---- RECORDS SHOWN
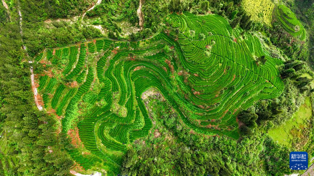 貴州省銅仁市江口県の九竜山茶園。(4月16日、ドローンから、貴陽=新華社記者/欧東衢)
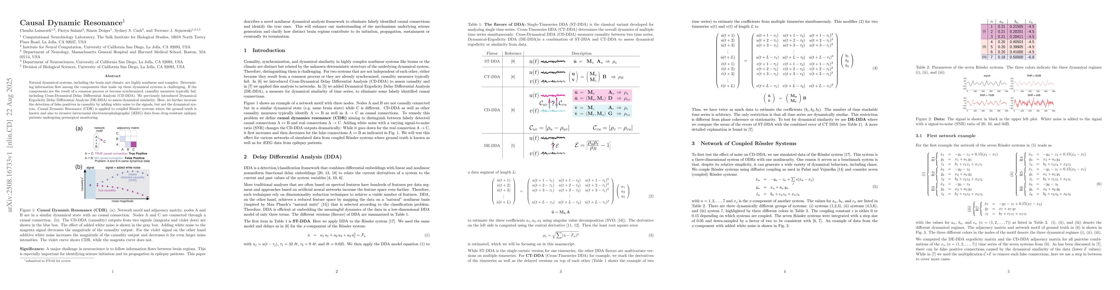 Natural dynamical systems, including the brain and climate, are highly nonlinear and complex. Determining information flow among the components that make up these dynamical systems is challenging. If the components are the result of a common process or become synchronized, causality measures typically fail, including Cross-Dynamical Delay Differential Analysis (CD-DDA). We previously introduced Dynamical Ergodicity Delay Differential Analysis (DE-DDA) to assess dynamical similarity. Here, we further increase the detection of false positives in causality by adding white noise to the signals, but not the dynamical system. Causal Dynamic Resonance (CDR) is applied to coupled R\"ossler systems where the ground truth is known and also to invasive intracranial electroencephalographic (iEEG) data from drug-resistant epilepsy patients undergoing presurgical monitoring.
--------
---- RECORDS SHOWN
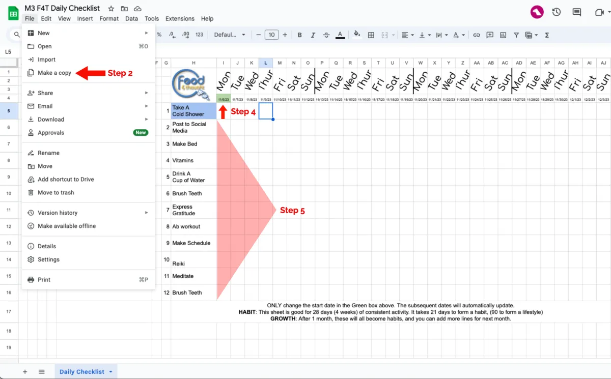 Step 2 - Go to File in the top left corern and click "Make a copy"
--------
◆ TASK DETAILS: Print exactly the lines above that run from the one with "貴州省銅仁市江口県の九竜山茶" down to the one with "Natural dynamical systems, including", and omit the pictures.

◆ EXERCISE RESPONSE:
 貴州省銅仁市江口県の九竜山茶園。(4月16日、ドローンから、貴陽=新華社記者/欧東衢)
 Natural dynamical systems, including the brain and climate, are highly nonlinear and complex. Determining information flow among the components that make up these dynamical systems is challenging. If the components are the result of a common process or become synchronized, causality measures typically fail, including Cross-Dynamical Delay Differential Analysis (CD-DDA). We previously introduced Dynamical Ergodicity Delay Differential Analysis (DE-DDA) to assess dynamical similarity. Here, we further increase the detection of false positives in causality by adding white noise to the signals, but not the dynamical system. Causal Dynamic Resonance (CDR) is applied to coupled R\"ossler systems where the ground truth is known and also to invasive intracranial electroencephalographic (iEEG) data from drug-resistant epilepsy patients undergoing presurgical monitoring.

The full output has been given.